PAK3 (p21-activated kinase 2, beta-PAK) is one of three members of Group I PAK family of evolutionary conserved serine/threonine kinases. PAK3 is preferentially expressed in neuronal cells  and involved in synapse formation and plasticity and mental retardation.

Discovery 
PAK3 was initially cloned from a murine fibroblast cDNA library and from a murine embryo cDNA library. Like other group I PAKs, PAK3 is stimulated by activated Cdc42 and Rac1.

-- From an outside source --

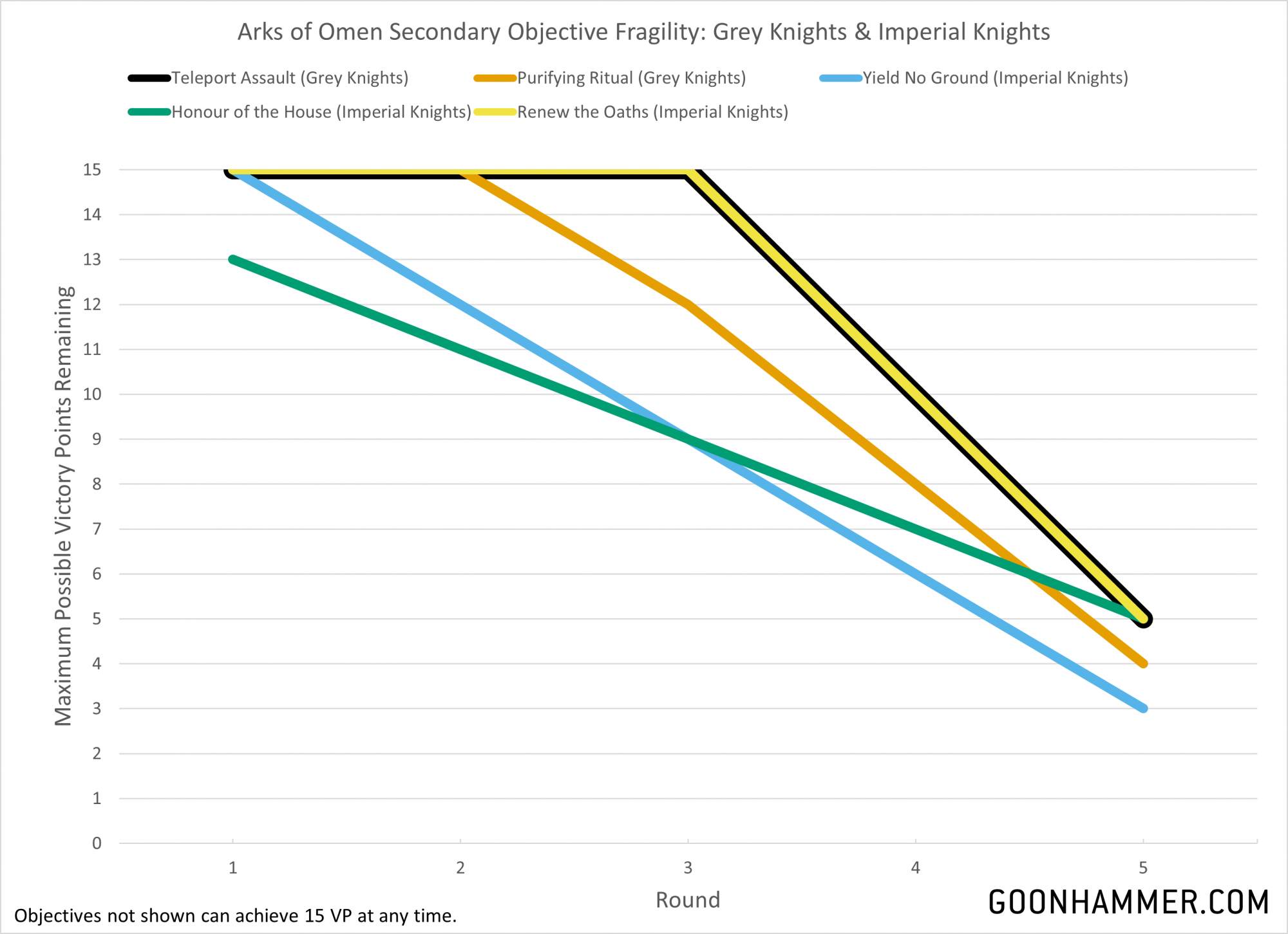 Curiously the Imperial Knights don't have any faction-specific secondaries that can be maxed out in the final round while Honour of the House suffers from being capped at 13 VP. Grey Knights fare a little better, with all of their secondaries over the Line of Intolerance and Destroy the Daemon being maximizable at any round so long as the GK player is lucky enough to be facing daemons. Note that Grey Knights do not possess the ADEPTUS ASTARTES keyword and may not use the Space Marine secondaries.

Gene and spliced variants 
The human PAK3 gene, the longest group I family member, is 283-kb long. The PAK3 gene is composed of 22 exons of which 6 exons are for 5’-UTR and generates 13 alternative spliced transcripts. Among PAK3 transcripts, 11 transcripts are for coding proteins ranging from 181- to 580-amino acids long, while remaining two transcripts are non-coding RNAs. The murine PAK3 gene contains 10 transcripts, coding six proteins from 544 amino acids and 559 amino acids long, and four smaller polypeptides from 23 to 366 amino acids.

Protein domains 
Similar to PAK1, PAK2 contains a p21-binding domain (PBD) and an auto-inhibitory domain (AID) and exists in an inactive conformation.

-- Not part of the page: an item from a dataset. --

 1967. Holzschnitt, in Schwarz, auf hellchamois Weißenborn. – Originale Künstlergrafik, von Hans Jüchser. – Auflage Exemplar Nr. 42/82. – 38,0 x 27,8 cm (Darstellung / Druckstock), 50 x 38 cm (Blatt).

Activators and inhibitors 
PAK3 activity is stimulated by Dbl, Cdc42 and Cool-2, and by AP1 transcription factor. Stimulation of PAK3 activity by upstream stimulators such as Dbl or Cdc42 is inhibited by p50 (Cool-1) PAK3 activity is inhibited by FRAX597, a PAN inhibitor of PAKs.

Functions 
PAK3 is overexpressed in neuroendocrine/carcinoids tumors. PAK3 has been shown to be important for synapse formation and plasticity, and contribute to mental retardation. Further, every mutations in the PAK3 gene have been associated with nonsyndromic X-linked mental retardation.